Part 1: retrieve the original dataset from MDClone

  • Log in to MDClone and navigate to Admin Dashboard.
  • Search for the project either via query name or query ID.
    • Note: make sure to double check the SOW and/or comments in the BE or US to verify that you’re accessing the correct query
  • Click the hyperlink to open the project.
  • If the project requires real patient identifiers (MRN, date of birth, name, etc.), then navigate to section 4 (Demographics) and ensure that Patient ID is present and selected. I also recommend having Source EHR or database selected, because this can often help with troubleshooting later on.
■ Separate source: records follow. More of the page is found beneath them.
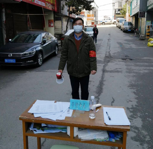 大年初一前后,孝感市疫情升溫,所有人都措手不及,社區緊急發出通知招募志愿者負責物資運送、垃圾整理、小區出入口管理等工作。付俊朝看到通知,第一時間打電話報了名。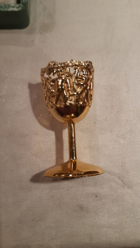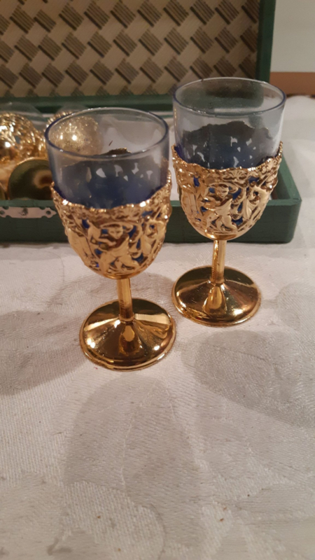Vintage Shot Glasses with Ornate Gold Holders – Set with Blue Glass Inserts & Presentation Box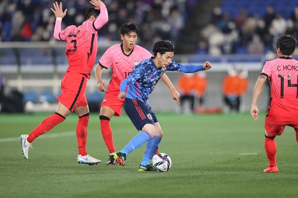 日韓戦で積極的にシュートを放つ江坂(C)Norio ROKUKAWA/office La Strada
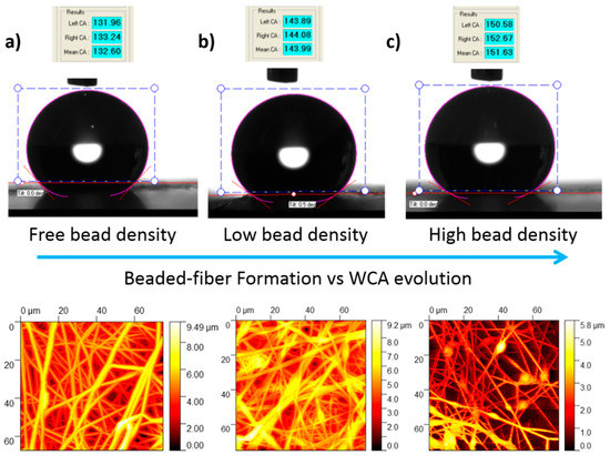 Comparison between the water contact angle images recorded for the PVC electrospun fiber mats with their corresponding AFM images for Sample 4 with free bead density (a), Sample 2 with low bead density (b), and Sample 5 with high bead density (c), respectively.
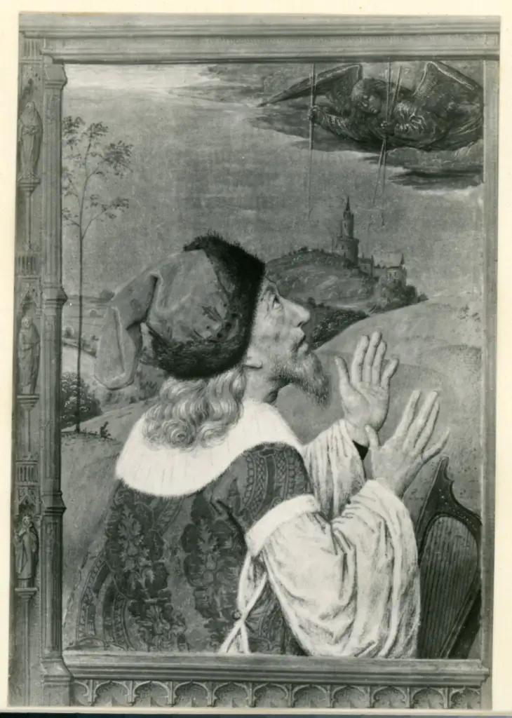 Marmion Simon , Ritratto di gentiluomo con cappello in un paesaggio, Cornice architettonica Marmion Simon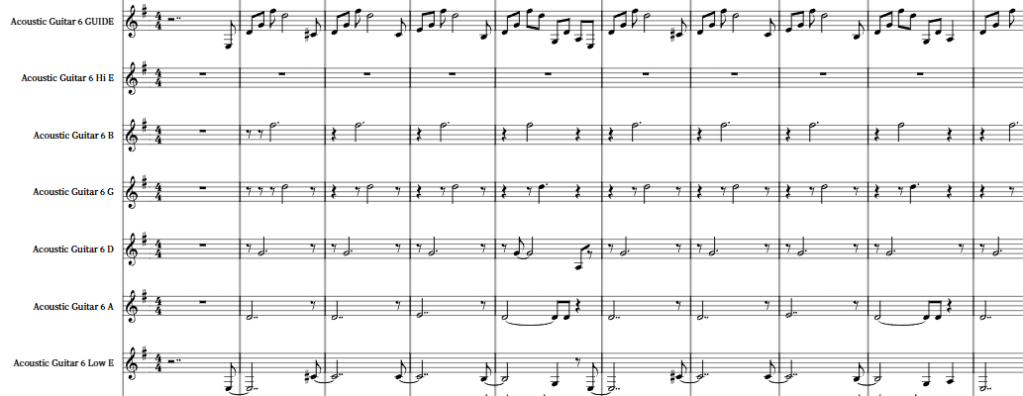 As I’ve mentioned, I’m not the best guitar player. I will definitely record my acoustic guitar chords live, but some of the more complex picking parts I can’t execute for a variety of reasons. I end up mapping them out as tracks and I’ve found an excellent patch within Reason that sounds reasonable enough to accomplish what I need. I’ve seen articles on line where people kind of push back on this due to having to map each string, but that’s exactly what I do. I write a guide track, then I map each string to its own patch, primarily to allow me to ring strings against each other just like an actual guitar would allow. While this does take time in Notion and Noteflight, the result is worth it.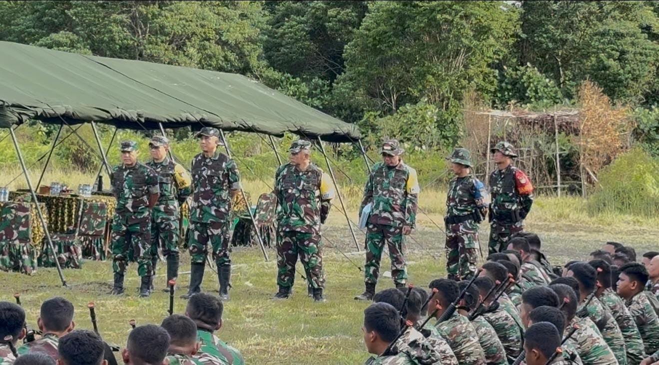 NATUNA || Pangdam XIX/Tuanku Tambusai Mayjen TNI Dr. Agus Hadi Waluyo S.A.P., M.M., CHRMP. meninjau langsung pelaksanaan Latihan Uji Siap Tempur (UST) Terintegrasi Batalyon Komposit 1/Gardapati di Desa Batubi, Kabupaten Natuna. Kegiatan ini turut dihadiri Dankodiklat TNI AD Letjen TNI Mochammad Hasan, Danpussenif Letjen TNI Iwan Setiawan, serta sejumlah pejabat teras Kodiklatad dan Korem 033/WP, Rabu 29/10/25.

Then click next.
  • From step 5 (Finalize Cohort & Output), ensure that the toggle on upper right hand corner for “Synthetic mode” is set to “Off”, and then click “Generate Original.”
  • Download the generated file.

Part 2: linkage to real patient identifiers

  • Open the downloaded csv file.
    • Note that the date of birth present in the “original” file is actually date-shifted, so you will need to pull date of birth out of OMOP to retrieve the true date of birth.
  • Create a column at the beginning with the row number (it helps with merging the patient identifiers back in).
  • (optional) Use Notepad++ to properly format the values for the INSERT statement in the SQL template: Notepad++ formatting
  • Create SQL -- see steps in the accompanying .sql template file for MDClone re-identification.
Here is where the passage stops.